As a solution, the process of generating cloud images in real-time includes three primary steps (in order): simulation, illumination, and rendering. The simulation and illumination is performed on the CPU, and rendering is primarily completed on the GPU. The simulation step uses Dobashi’s method to model dynamic clouds and generates the density distribution of cloud media. The illumination step calculates the scattering colors of cloud particles according to light passing through the cloud density space.
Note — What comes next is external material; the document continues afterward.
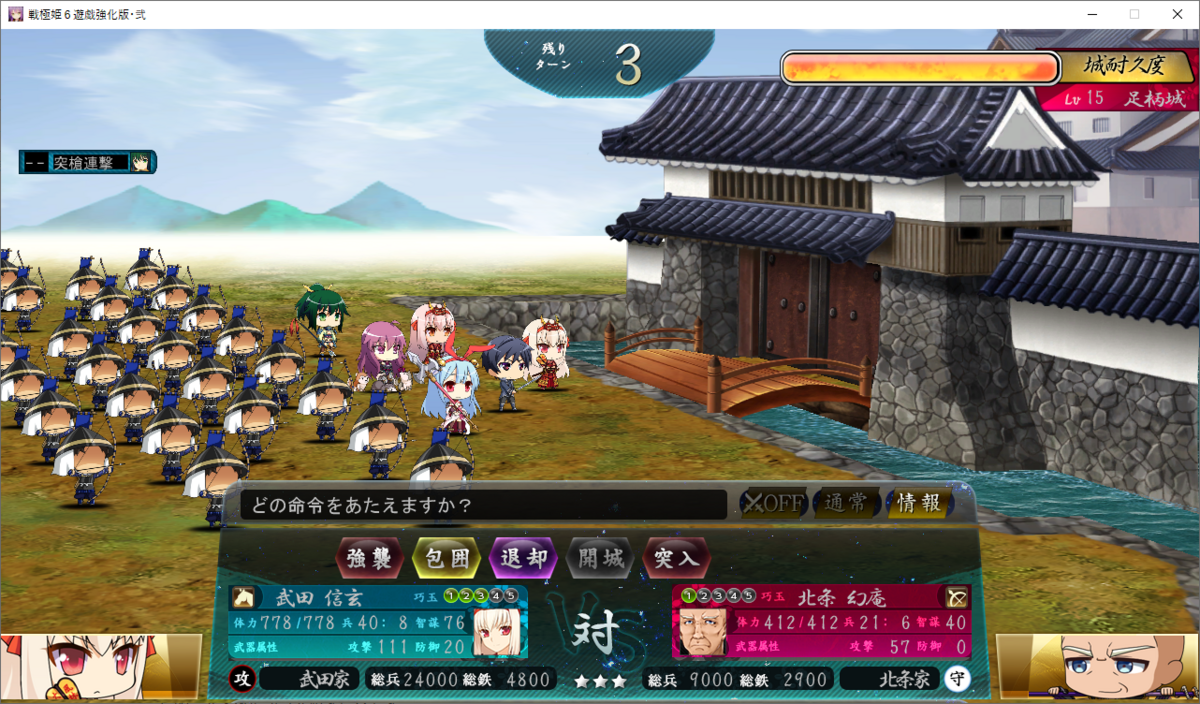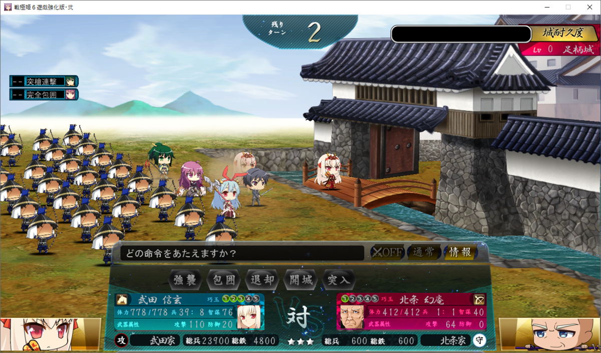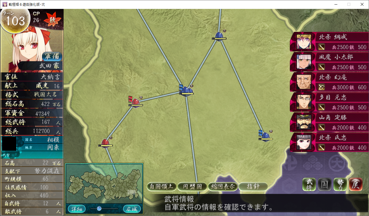 そうすれば残りは一本道で2ターン(小田原→河村→足柄)で相模制圧→クリアです。

The illumination model is the same as Harris’, but it is implemented in the CPU instead of the GPU. The rendering step is similar to Dobashi’s and Harris’ implementation which synthesizes the final cloud image by drawing the shaded cloud particles with the traditional billboard splatting technique.

The CPU approach is proposed for the simulation and illumination based on the following considerations:

a) CPU-based illumination avoids the performance bottleneck caused by the frequent read-back operations of the frame buffer in Harris’ implementation.
b) CPU-based implementation can reduce the GPU resources consumed by cloud rendering and lower the requirement for GPU functionality and performance so that a game can be compatible with a wider range of graphics cards.
c) Multi-core has become the mainstream PC gaming platform, but most games do not take full advantage of all the cores of a multi-core processor. Those available computing resources can be used to handle and accelerate the cloud simulation and illumination, thus minimizing the performance impact on the game loop.

Cloud particles are shaded by the CPU-based illumination method, as illustrated in Figure 2 and described here:

a) Cast a ray parallel with the sunlight from the sun to the cloud particle. Several sampling points are generates in the simulation space along the ray.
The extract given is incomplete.